Final answer:
To calculate probabilities and find z-scores for a standard normal random variable, one can use a z-table or calculator functions like invNorm. This applies to finding specific z-scores given a probability or calculating a z-score for a given value, like a test score in relation to a class mean and standard deviation.
Step-by-step explanation:
To compute probabilities involving a standard normal random variable z, we need to refer to the standard normal distribution table or use calculator functions. If we are given a probability and need to find the corresponding z-score, we can use the inverse normal function on a calculator or the z-table. For example, to find z0.01, which is the z-score with 0.01 area to the right, we use the invNorm function on a calculator or look up the value in a z-table that corresponds to an area of 0.99 to the left of the z-score.

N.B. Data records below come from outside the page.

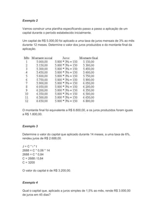 O documento explica o funcionamento dos juros simples, definindo a fórmula matemática utilizada para o cálculo e apresentando exemplos numéricos de aplicação. Nos juros simples, os juros incidem apenas sobre o capital inicial e não são capitalizados a cada período. A fórmula para cálculo dos juros é J = C * i * t, onde C é o capital, i a taxa de juros e t o tempo de aplicação.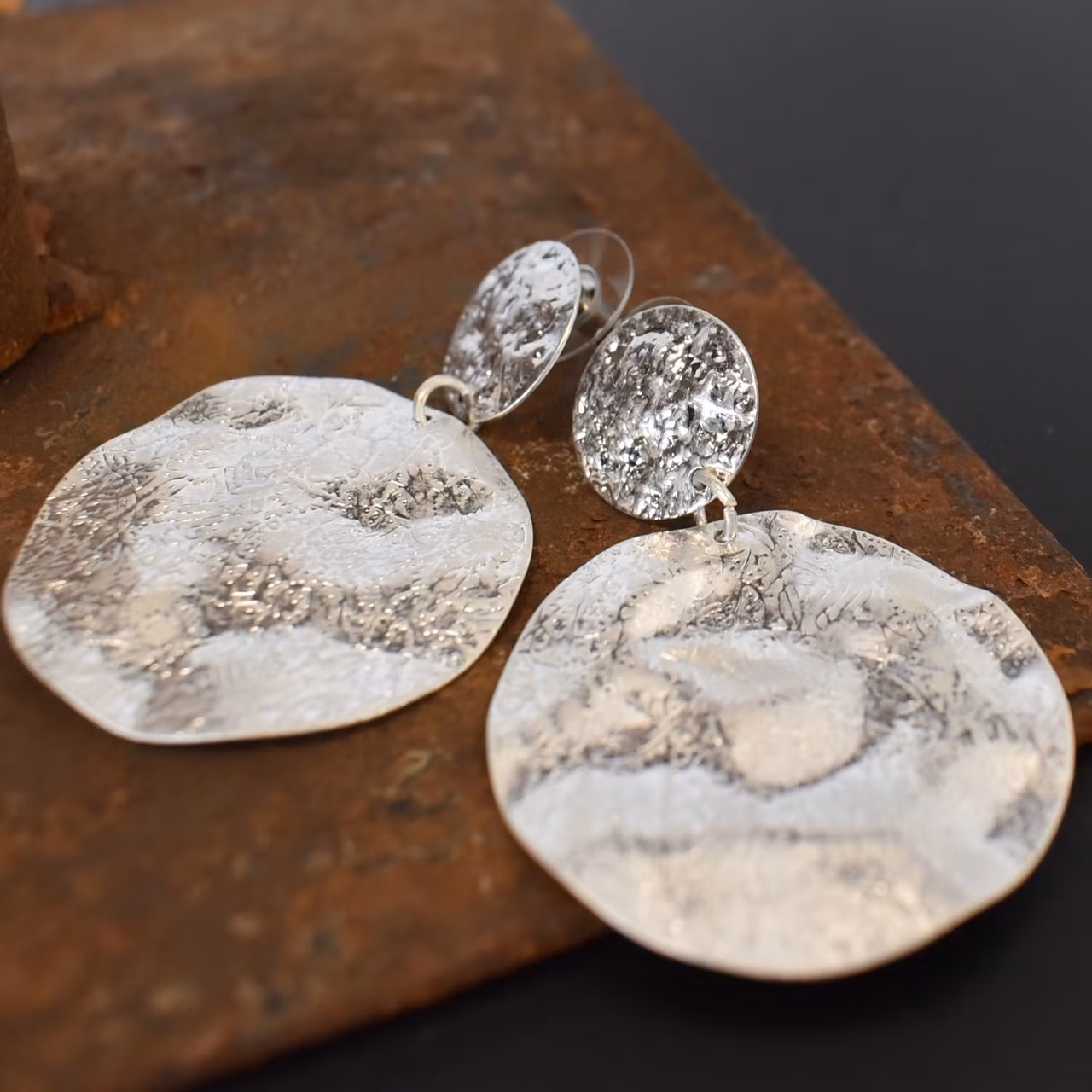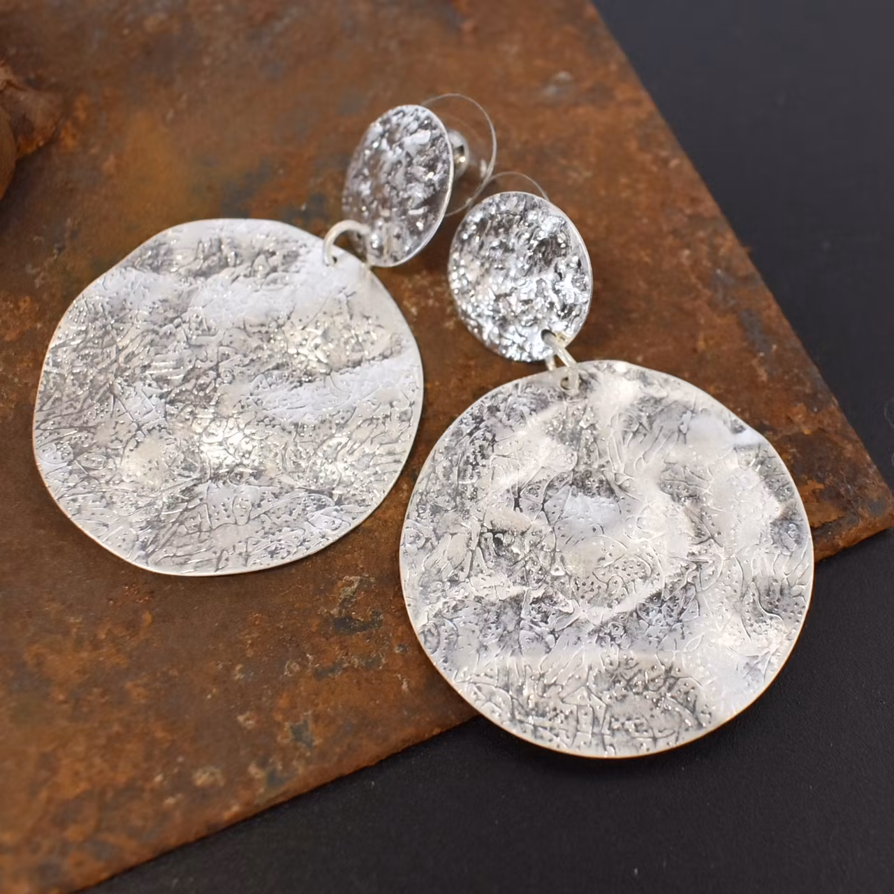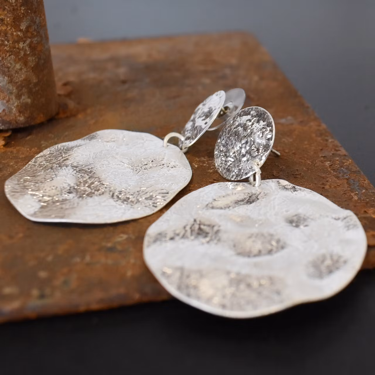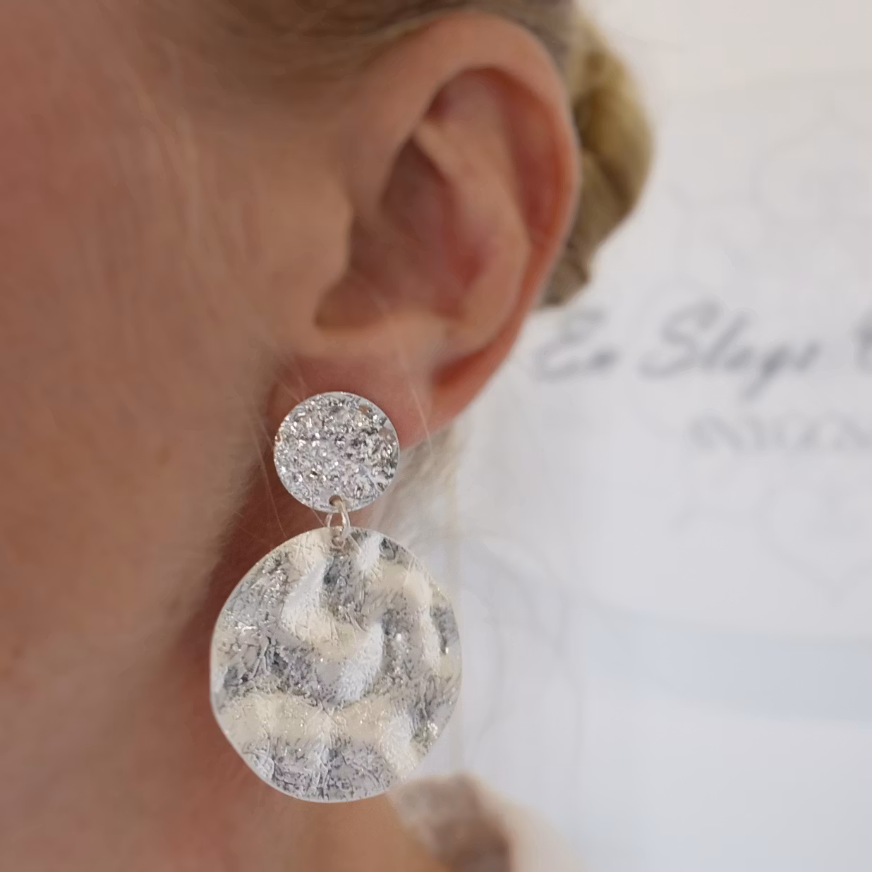 Det här är ett underbart iögonfallande örhänge med en tunn silverfärgad metallplatta med läckert hamrad/mönstrad yta. Örhänget har väldigt låg vikt och tynger inte.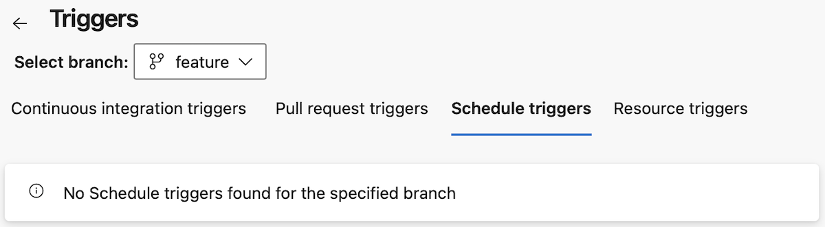 En la pestaña Desencadenadores de recursos, cuando no está en la rama predeterminada, aparece una advertencia que indica que se omiten los desencadenadores definidos para esta rama.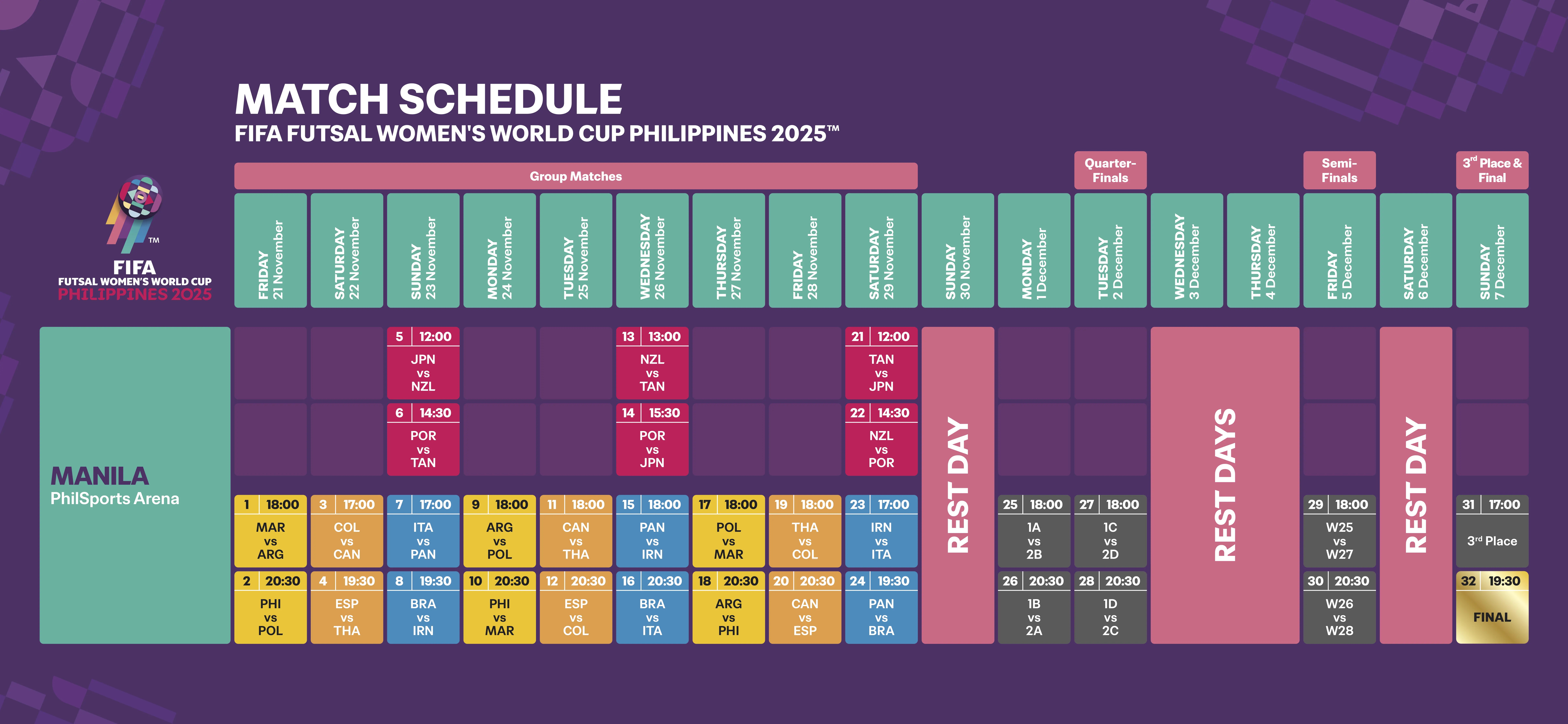 FIFA 女子フットサル・ワールドカップ フィリピン2025 フィリピン(開催国)、ポルトガル、イタリア、スペイン、ポーランド、日本、タイ、イラン、モロッコ、タンザニア、カナダ、パナマ、ブラジル、アルゼンチン、コロンビア、ニュージーランド 大会スケジュール |
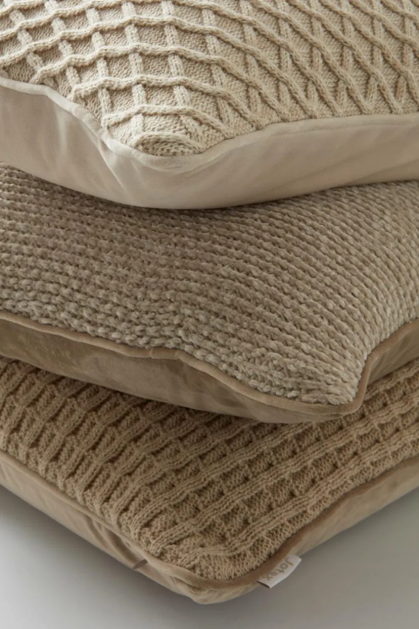 3-pack kuddfodral med stickad framsida. Baksidan är i skimrande sammet. De tre kuddfodralen är olika och matchar varandra perfekt, två är kvadratiska och ett är rektangulärt. Kuddfodralet har en liten kant runt om och en dragkedja i nederkant.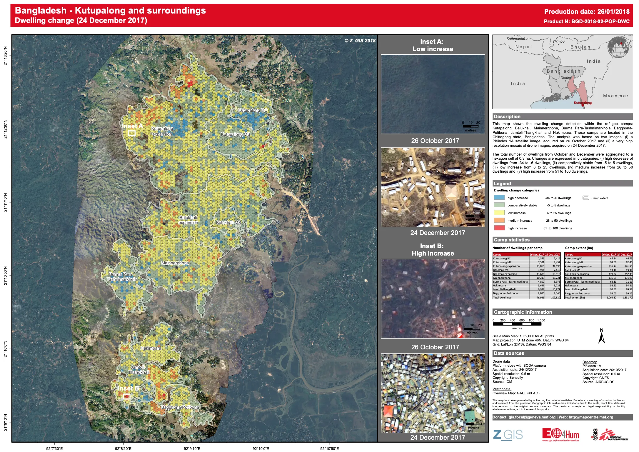 Diese Informationen können ebenfalls mit Hilfe satellitengestützter Informationen erhoben und regelmäßig aktualisiert werden. Datenbasis für dieses Produkt sind wie bei den Karten zur Bevölkerungsabschätzung ebenfalls sehr hoch aufgelöste Satellitenbilder von kommerziellen Anbietern, die zu verschiedenen Zeitpunkten - meist im Abstand mehrerer Wochen oder Monate - vom selben Ort aufgenommen wurden. Die Karte zu den Veränderungsanalysen der Bevölkerungsabschätzung gibt eine Übersicht zu diesen Änderungen und unterstützt Ärzte ohne Grenzen dabei, solche Dynamiken schnell zu erkennen und einzuschätzen.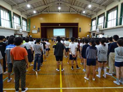 10月の全校合唱は「この星に生まれて」です。音楽委員会の児童の司会進行により,合唱しました。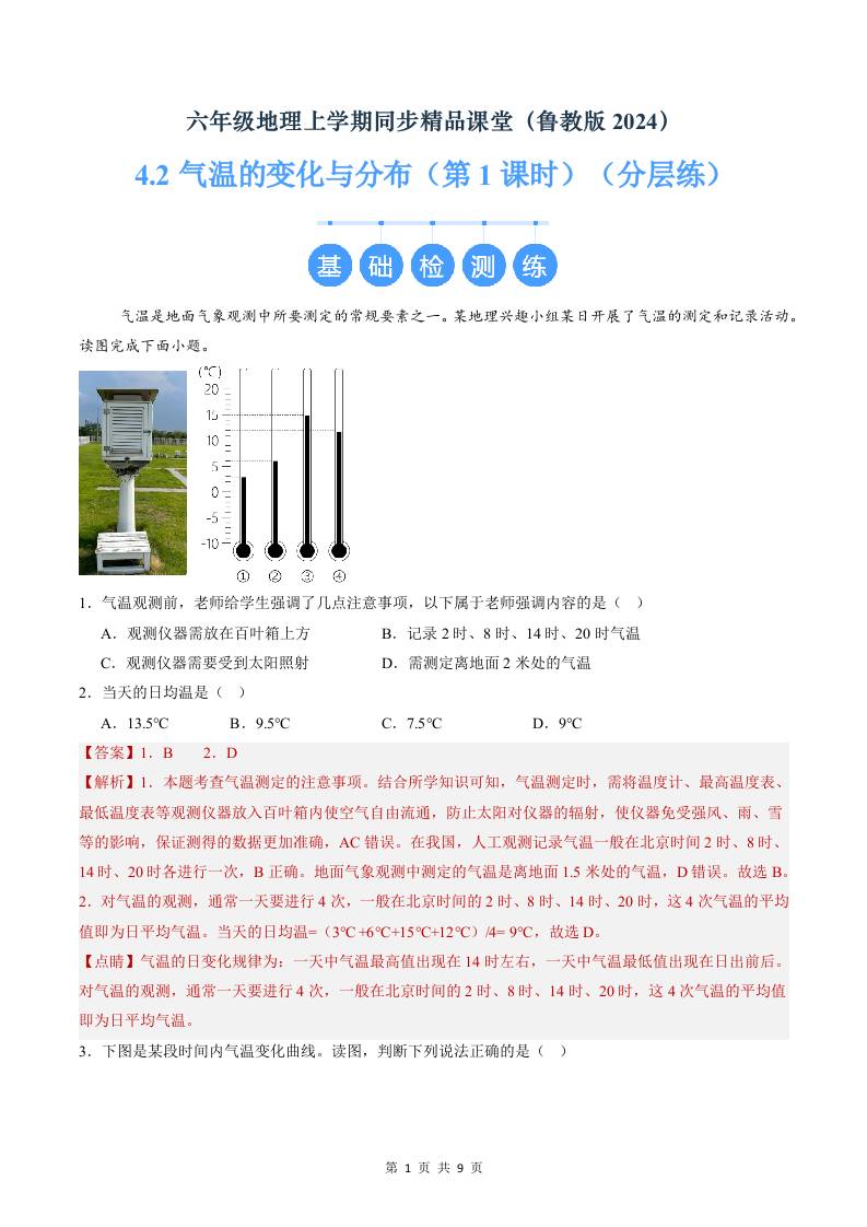 4.2气温的变化与分布(第1课时)(分层练)(解析版)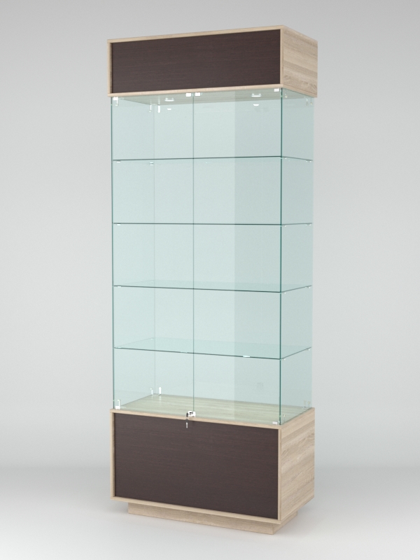 Конструкция включает четыре стеклянные полки и подиум. Корпус оборудован распашными дверцами с замком. В верхнем фризе имеется подсветка.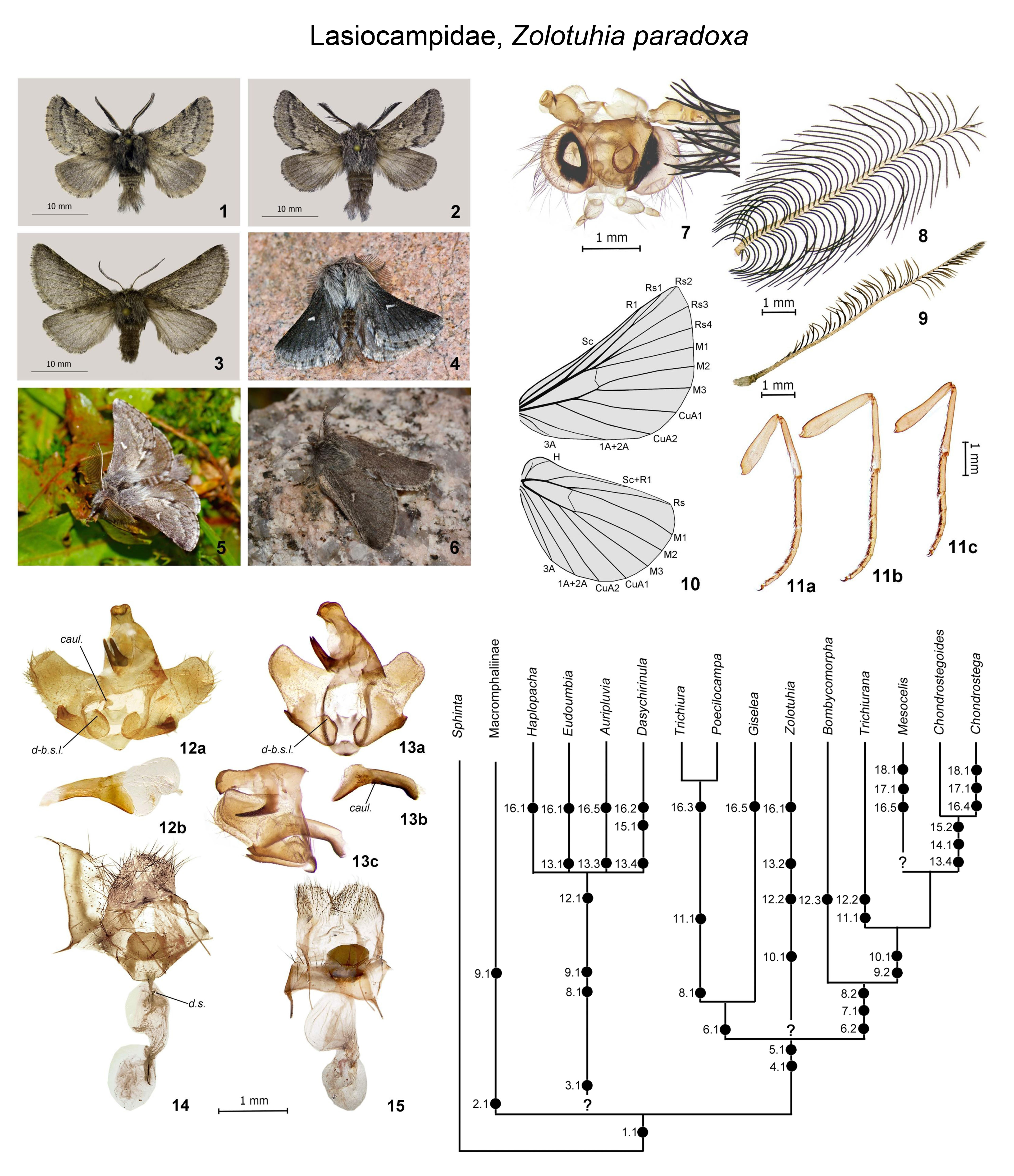 Имаго Zolotuhia paradoxa gen. et sp. nov. (Lasiocampidae), морфологические структуры нового вида и кладистическое дерево морфологических признаков коконопрядов подсемейства Chondrosteginae, sensu novo.

Here is a specific answer to the provided question: z0.01 = 2.326, because the area under the normal density curve to the right of z0.01 is 0.01 and to the left is 0.99. If Susan scored 95 on her biology exam, and the class mean is 85 with a standard deviation of five, we would compute her z-score as follows: (95-85)/5 = 2. This means Susan scored two standard deviations above the mean.
The z-score helps us understand how many standard deviations an observation is from the mean. In the standard normal distribution, the mean is zero and the standard deviation is one. Therefore, a z-score directly indicates the number of standard deviations from the mean.